* [WHAT IS REQUIRED] Look through the entries below and copy exactly the part that begins with the line containing "Senior man with" and ends with the line containing "主屋は入母屋本瓦葺(*1)で". Do not copy the pictures.

* [DATASET ENTRIES]
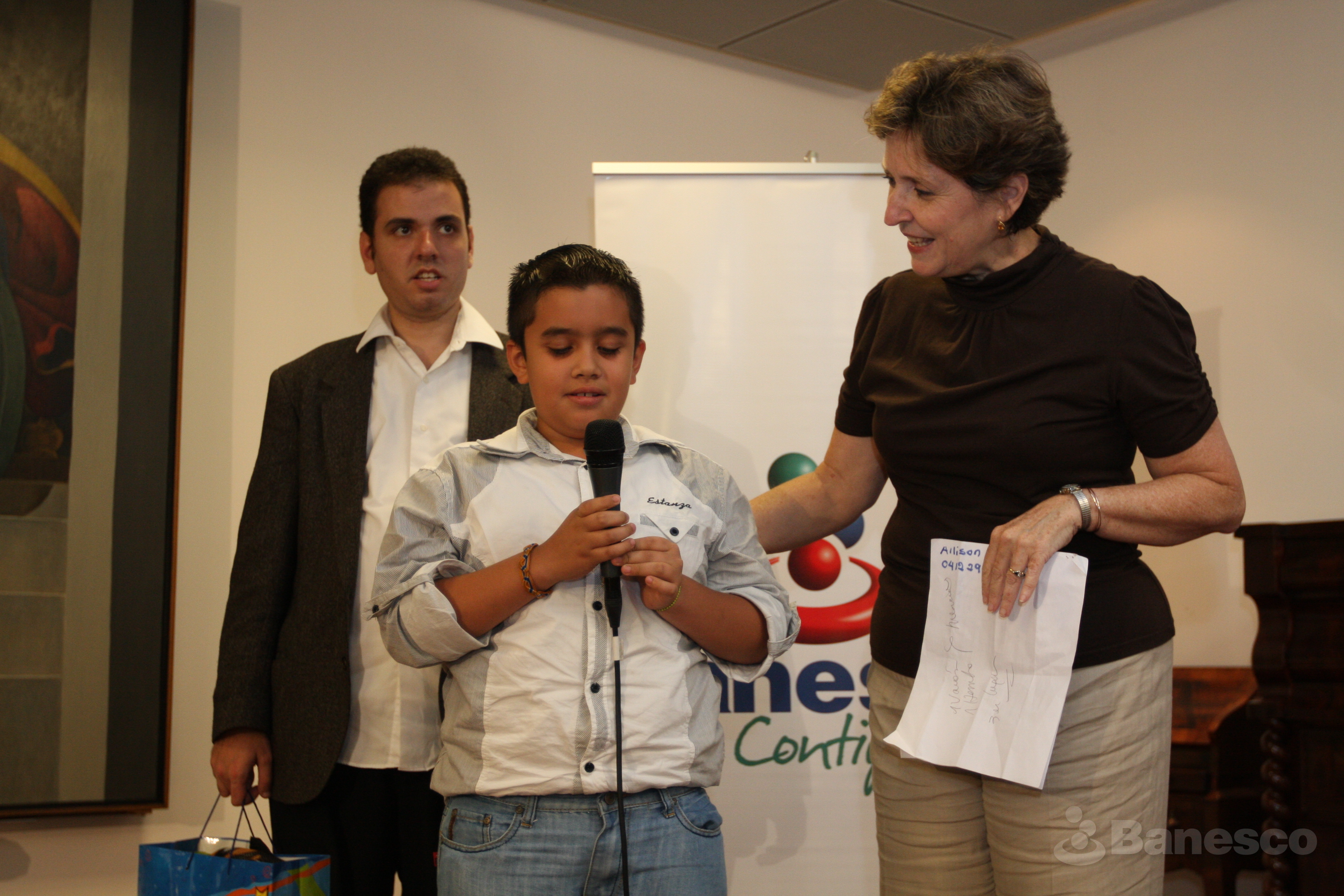 Participante del concurso de dibujo "Una escuela para todos" durante la entrega de obsequio por parte de Angela Couret directora de la Fundación Paso a Paso, en el evento realizado en los espacios de Ciudad Banesco.
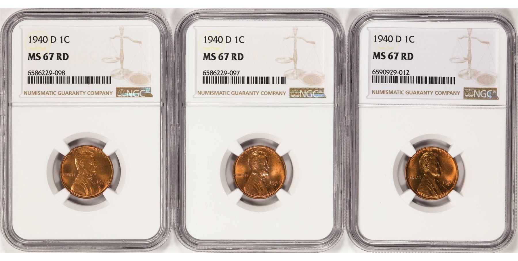One Lot of (3) 1940-D Lincoln Wheat Cent Coins NGC MS67RD. NGC Certified.
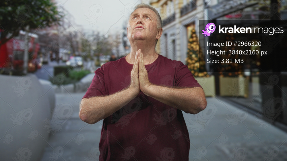 Senior man with hands pressed in prayer at chest on a busy city street sidewalk beside a storefront and christmas tree, looking upward in maroon shirt; faith hope. - Kraken Images
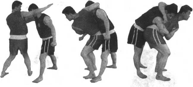 双方对峙当对方用右搬拳进攻时我用左臂格挡随即左手以拳变掌外旋、抬肘顺势扣拉对方右臂至腋下、沉肘夹臂、锁住对方右臂。我右脚随即向左上方上一步身体左旋屈右臂穿过对方左臂同时左脚跟进一步两腿弯屈以肩挑式顶住对方的腋窝。动作不停两腿蹬伸、提臀、弯腰。在对方重心离地的瞬间拧腰变脸将其摔倒(图5-27至5-33)。注意锁臂旋拉上步靠身、穿臂动作流畅蹬伸、变脸要协调。
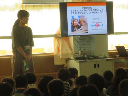 今日はセーフティ教室がありました。3・4年生は都民安全推進本部の方にお越しいただき、「ネット・ケータイを上手に使うためのルール」というテーマで子どもたちにわかりやすくお話しをいただきました。
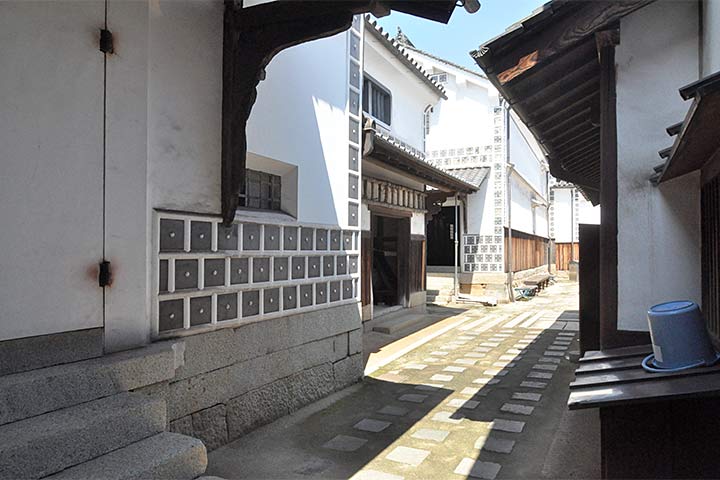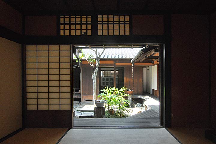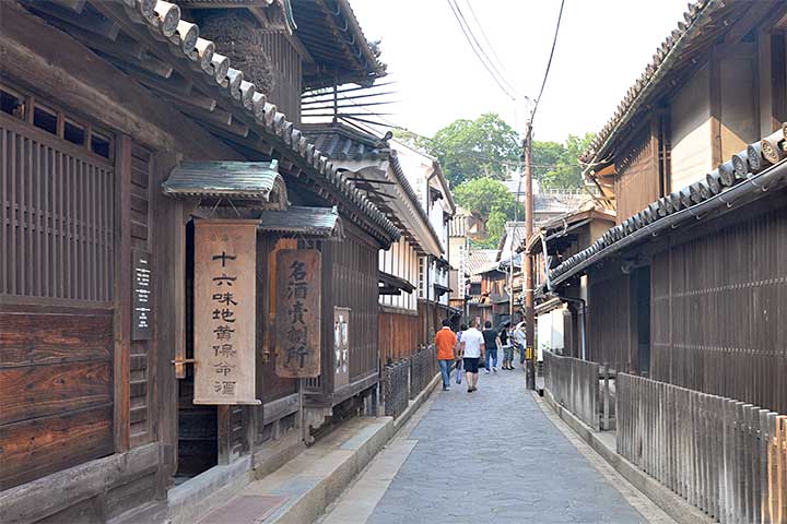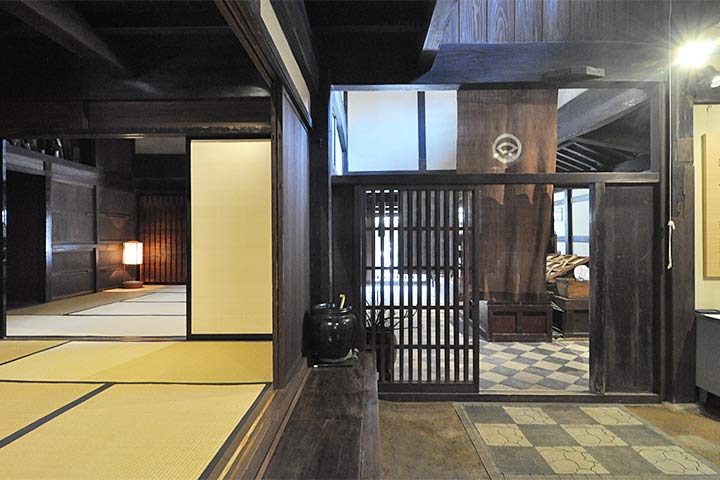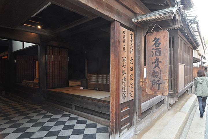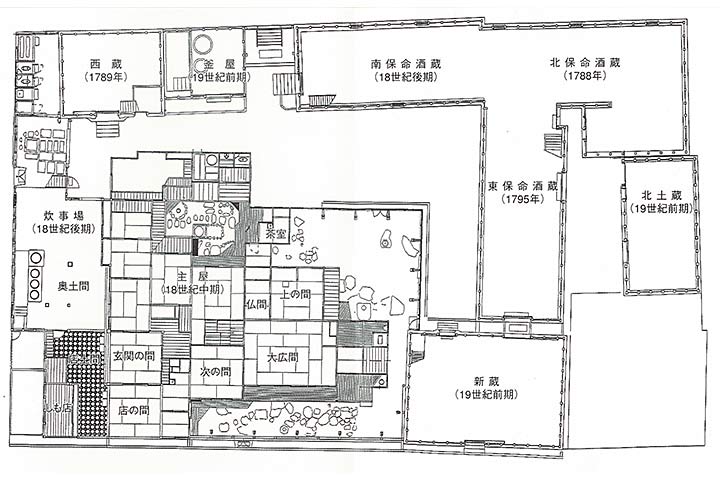 主屋は入母屋本瓦葺(*1)で二階建ての本屋が道路沿いに建ち、座敷棟、使用人棟、茶室などが付属する。18世紀中頃~末に、ほぼ同時期に建てられたようである。道路を挟んで向かい側の海に面する場所には別邸「朝宗亭」が建つ。主屋の裏側には多数の酒蔵が、やはり18世紀後半~19世紀にかけて集中して建てられている。この時期に一気に拡販したのかもしれない。
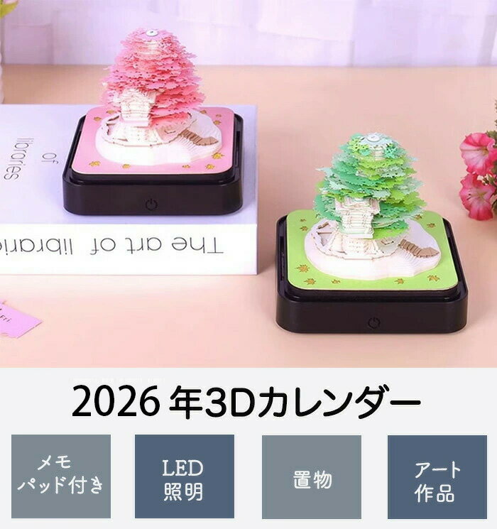 メーカー希望小売価格はメーカーカタログに基づいて掲載しています商品情報【サイズ・素材・カラー】サイズ:サイズ表記は画像ご確認下さい。素材:紙・PVCカラー:ピンク・ツリー/グリーン・ツリー/ブルー・地球/レッド・地球/レッド・キノコ/ピンク・キノコ/グリーン・キノコ/ブルー・キノコ商品内容:商品本体のみ【ご注意】単四電池×2本が必要です。(電池は付属しておりません)【おしゃれなメモパッド付きカレンダー】おしゃれなカレンダーメモパッド!カレンダーが立体作品に!【おしゃれな立体作品に!】おしゃれな立体作品になるのを見るのが楽しめ毎日めくるのがワクワクするカレンダーメモパッドです。【LEDライト付き】LEDライト付きだから作品ができた後照らすとおしゃれで幻想的な空間になること間違いなし!購入前のご注意※商品写真はできる限り実物と近づけるようにしておりますが、お使いのモニター設定、お部屋の照明等により実際の商品と色味が異なる場合がございます。※採寸はあくまで目安としてのもので、表記に多少の誤差(前後2?3cm)が生じる場合があります。※生産時期により、色・サイズ・デザインが多少が異なる場合がございますので、複数の商品をご注文頂いた場合も多少に異なる場合があります。※当店の商品は全て日本人スタッフにより検品してから発送したものです。海外からの輸入商品のため、縫製は日本製のものと比べて、 縫製の見劣、糸のほつれ、製造過程における小さなキズ、シミなどがある場合がございますが、不良品ではございません。予めご了承くださいませ。※各商品は各商品ページ選択肢のところに規定ある納期より発送いたします。当店では複数店舗で在庫を共有しており、システムによる在庫調整を行っております。ご注文が集中した場合、タイミングにより在庫にずれが生じ欠品となる可能性がございます。 その際、当店での注文確認後にご案内させていただく場合がございますこと、予めご了承ください。商品の保証初期不良の場合、未使用の商品のみ到着日から7日以内にご連絡いただければご返金、交換対応させていただきます。ご使用後の返金・交換は保証外となっております。2026年カレンダー カレンダー 3D メモパッド メモ付き おしゃれ 卓上 卓上カレンダー カレンダーメモパッド 3Dカレンダーメモパッド 付箋 立体感のある作品 ペーパーアート 立体カレンダー デスクカレンダー ノート 立体メモ帳 紙彫刻 立体作品 LEDライト LED照明2026年カレンダー カレンダー 3D メモパッド メモ付き おしゃれ 卓上 卓上カレンダー カレンダーメモパッド 3Dカレンダーメモパッド 付箋 立体感のある作品 ペーパーアート 立体カレンダー デスクカレンダー ノート 立体メモ帳 紙彫刻 立体作品 LEDライト LED照明 2026年カレンダーメモパッドメモ付き立体作品紙アートLEDライト紙彫刻3Dカレンダーメモパッドメモ帳卓上カレンダー

* [RESPONSE AREA]
 Senior man with hands pressed in prayer at chest on a busy city street sidewalk beside a storefront and christmas tree, looking upward in maroon shirt; faith hope. - Kraken Images
 双方对峙当对方用右搬拳进攻时我用左臂格挡随即左手以拳变掌外旋、抬肘顺势扣拉对方右臂至腋下、沉肘夹臂、锁住对方右臂。我右脚随即向左上方上一步身体左旋屈右臂穿过对方左臂同时左脚跟进一步两腿弯屈以肩挑式顶住对方的腋窝。动作不停两腿蹬伸、提臀、弯腰。在对方重心离地的瞬间拧腰变脸将其摔倒(图5-27至5-33)。注意锁臂旋拉上步靠身、穿臂动作流畅蹬伸、变脸要协调。
 今日はセーフティ教室がありました。3・4年生は都民安全推進本部の方にお越しいただき、「ネット・ケータイを上手に使うためのルール」というテーマで子どもたちにわかりやすくお話しをいただきました。
 主屋は入母屋本瓦葺(*1)で二階建ての本屋が道路沿いに建ち、座敷棟、使用人棟、茶室などが付属する。18世紀中頃~末に、ほぼ同時期に建てられたようである。道路を挟んで向かい側の海に面する場所には別邸「朝宗亭」が建つ。主屋の裏側には多数の酒蔵が、やはり18世紀後半~19世紀にかけて集中して建てられている。この時期に一気に拡販したのかもしれない。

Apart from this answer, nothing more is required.